Rheinische Post - Wesel/Dinslaken
Rechtzeitig gewarnt, aber zu spät gehandelt
Es ist noch zu früh, eine Bilanz der verheerenden Hochwasserkatastrophe im Westen Deutschlands zu ziehen. Aber Fragen drängen sich schon auf, und einige Fakten haben sich bereits jetzt herauskristallisiert. Deshalb ist es durchaus Zeit für ein Zwischenfazit.
Eines kann man vorneweg sagen: Die Warnung vor dem Unwetter ist rechtzeitig erfolgt, auch wenn wichtige Details fehlten. Die Reaktion darauf verlief allerdings uneinheitlich. Und wie so vieles in Deutschland sind die Wege der Information, der Koordinierung und der Ausführung äußerst verschlungen. So richtig es ist, dass die Kommunen vor Ort mit lokalen Naturereignissen umgehen, so zutreffend ist es auch, dass diese Katastrophe die Gemeinden überfordert hat. Es wäre voreilig, nun den Schuldigen beim Land zu sehen. Aber dort hat man die Lage nach den üblichen Mustern abgearbeitet und sich starr an die Regeln des eingeübten Katastrophenschutzes gehalten. Für das Ausmaß eines Jahrhunderthochwassers war das zu wenig. Ein Helmut Schmidt, wie seinerzeit bei der Flut in Hamburg, war nirgends zu sehen.
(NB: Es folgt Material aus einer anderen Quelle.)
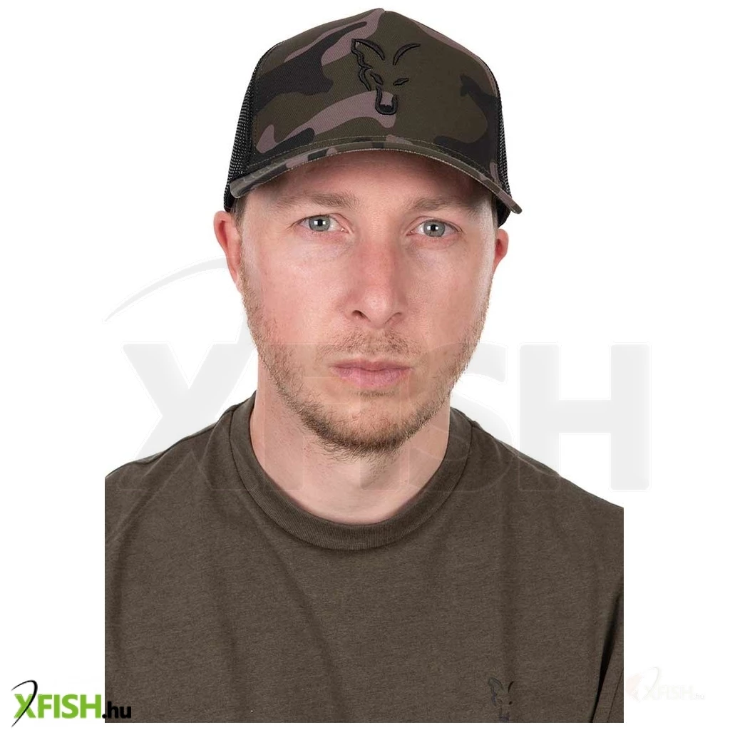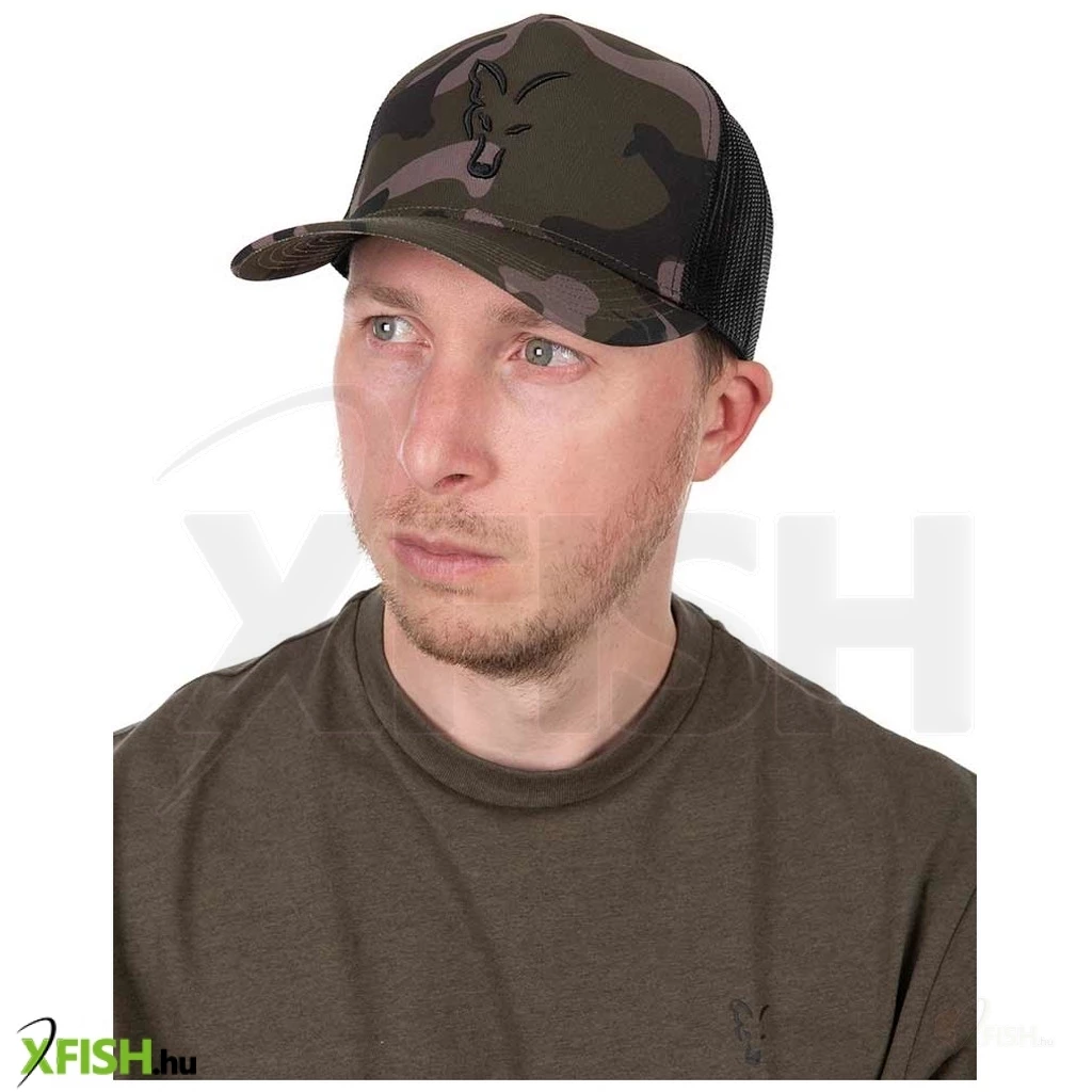 KategóriákKategóriákHorgász Ruházat Sapka Fox Black Camo Trucker Baseball Sapka

Und ein zweites hat das schlimme Unwetter gezeigt. Es hat die Schwächen des aktuellen Systems offengelegt. Der Katastrophenschutz in Deutschland ist zu komplex und zu umständlich. Wenn es auf Geschwindigkeit und schnelle Entscheidungen ankommt, müssen Informationswege vereinfacht und Koordinierungsstellen gestärkt werden. Die Technologie dafür ist da – sowohl analog, etwa über Sirenen, als auch digital, etwa über Warnapps und neue Medien. Da solche Großwetterlagen angesichts des Klimawandels noch öfter zu erwarten sind, muss das Krisenmanagement angepasst werden. Noch ist es die Zeit der Hilfe. Aber die Vorsorge vor der nächsten Umweltkatastrophe ist genauso wichtig.